In some communities, particularly the Jesuits, gay priests can be out — to a point, the priests interviewed said. Others say Benedict’s words created a lasting chill for gay men and that conditions are much harsher today.
“If there is a seminarian who is gay, my recommendation would be: Don’t tell anybody,” Hall said.
Monsignor Stephen Rossetti, a D.C. priest-psychologist who helps seminaries create materials about sexual health, said there is a hesitancy today to admit people who are gay and that the percentage of gay priests has dropped. All other priests interviewed disagreed.
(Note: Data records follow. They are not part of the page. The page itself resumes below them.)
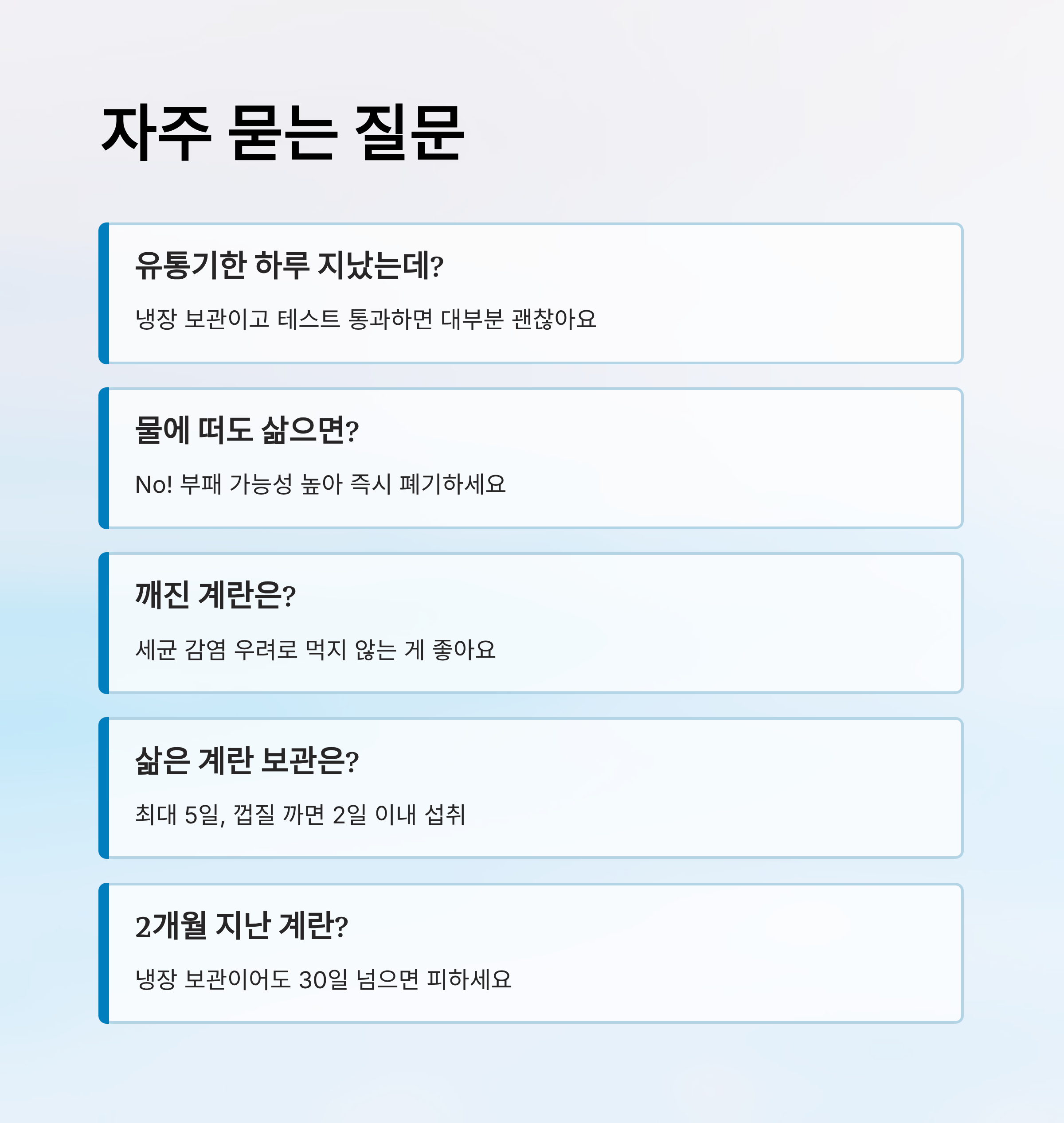 신선한 계란은 껍데기가 매끄럽고, 보관 온도 변화가 없었다면 유통기한 이후에도 먹을 수 있는 경우가 있어요. 반대로, 유통기한이 남았더라도 보관 상태가 불량하면 상할 수 있으니 '날짜만 보고 판단하지 않는 것'이 핵심이에요!
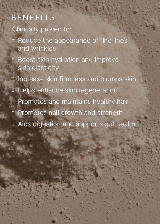 An innovative blend of clinically proven ingredients that have been carefully selected to enhance skin radiance, nail and hair strength, support gut health and overall wellness from within.
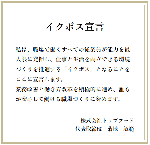 当社は、従業員が安心して長く働ける職場をつくるため、イクボス宣言を行いました。
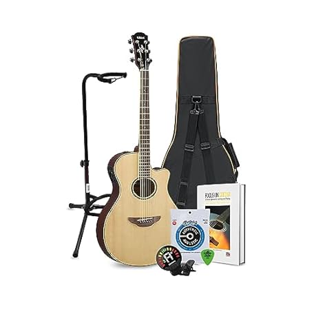 Yamaha APX600NA Thinline Acoustic-Electric Guitar (Natural) Bundle with Carrying Case, Tuner, Guitar Stand, Strings, Book and Picks (7 Items)
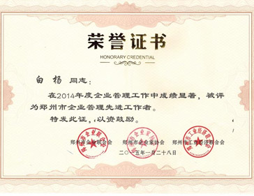 熱烈祝賀我公司白楊同志獲得鄭州市企業(yè)管理先進(jìn)工作者稱(chēng)號(hào)
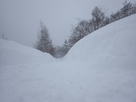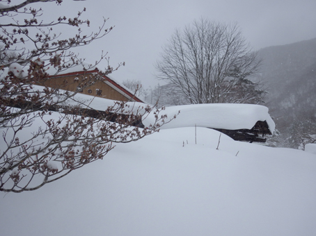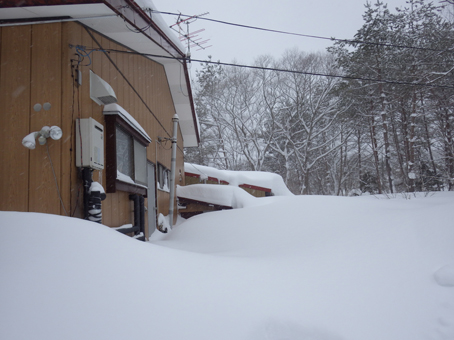 ![]() 山小屋の前は3m近い積雪です 山小屋へ通って12年 ここまでの豪雪は初めてだ! ウッドデッキは埋まり 庇は雪の重みでしなり、之以上積もったら折れることも。 ![]() 玄関の通路 小屋裏側 雪かきをしても直ぐに埋まる玄関 裏に回れば物置や給湯器の小屋は既に雪の中です ![]() 雪の回廊 東小屋 車の高さまで雪の回廊ができた小屋前の道 東小屋の屋根も雪が積もり重たそうだ。 ![]() 屋根だけ出てる 地面と連なる屋根の雪 小屋前の積雪は3m位あり 完全に地面と屋根が連なってます ![]() 危ない雪の重み! 全てが雪の中 どこもかこも雪の中になった山小屋の今! ![]() 初めての記録的な積雪 雪解けが待ち遠しい 3月なのに此処までの豪雪は・・・ 早く雪解けの春が待ち遠しい山小屋の記録的な雪でした 動画をご覧くださいね! 戻る |
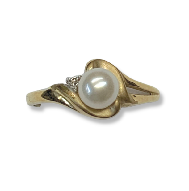 10K Yellow Gold Pearl Ring with Diamond Accent
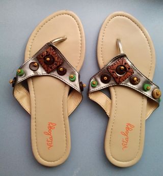 Chanclas planas beige talla 38
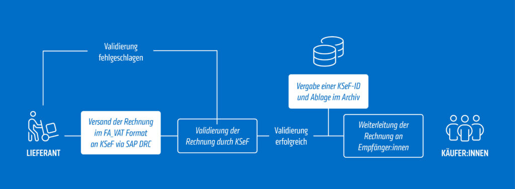 Dabei werden die relevanten Rechnungsdaten automatisch aus dem SAP-System extrahiert, in das von den polnischen Steuerbehörden vorgeschriebene FA_VAT-Format konvertiert und über eine gesicherte Schnittstelle (API) an das KSeF-Portal übermittelt. Rückmeldungen wie Validierungsfehler, Empfangsbestätigungen oder Statusinformationen fließen direkt zurück ins System und können dort automatisiert weiterverarbeitet werden.
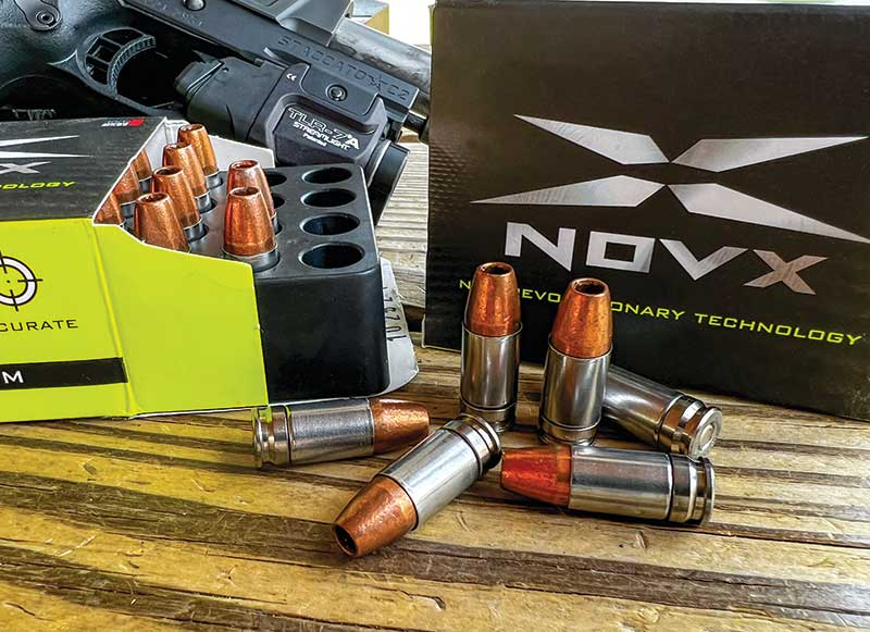 And now for something a little different. NOVX Pentagon ammunition uses a patented two-piece stainless steel case instead of the de facto standard “brass.” Why? Weight is a factor. I weighed an empty case and came up with 32.8 grains. A comparable brass case is about 62. So, we’re talking a weight savings of nearly half. If you’re wondering, that works out to about 1 oz. per 15-round magazine. I did check case volume, too — it’s about the same.
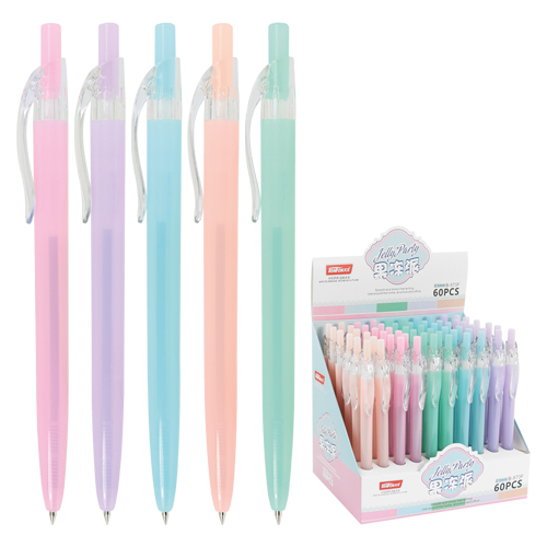 Guľôčkové plastové pero v pastelových farbách s modrou náplňou. O príjemný pocit z písania sa stará 0,5 mm hrubá modrá náplň.

“They’re more conservative, but no less gay,” said the Pennsylvania priest of the incoming, younger generation of clergy.
The Chicago priest doesn’t disregard the church’s teaching on sexuality, but he tries to emphasize the church’s teaching that sexuality is an expression of the divine and encourages people topray and discern their own place. His place, he says, is that of a man who didn’t understand he was gay when he entered the priesthood and now views his sexuality as a gift to his ministry.
“There’s a level of witnessing here that’s important for me to do. The Christian faith has a lot to say about the underdog, about the marginalized or the leper, the blind, the lame, the ostracized woman prostitute, widow, the little one,” he said.
“I’d like to be one of those priests, who, with great respect for the church’s teaching, can say: I’m a human being. I’m a son — one of six — I’m gay and I’m a priest, period.”
Prayer has led him to believe this article is part of that witness. He has decided he wants to be known: His name is Michael Shanahan.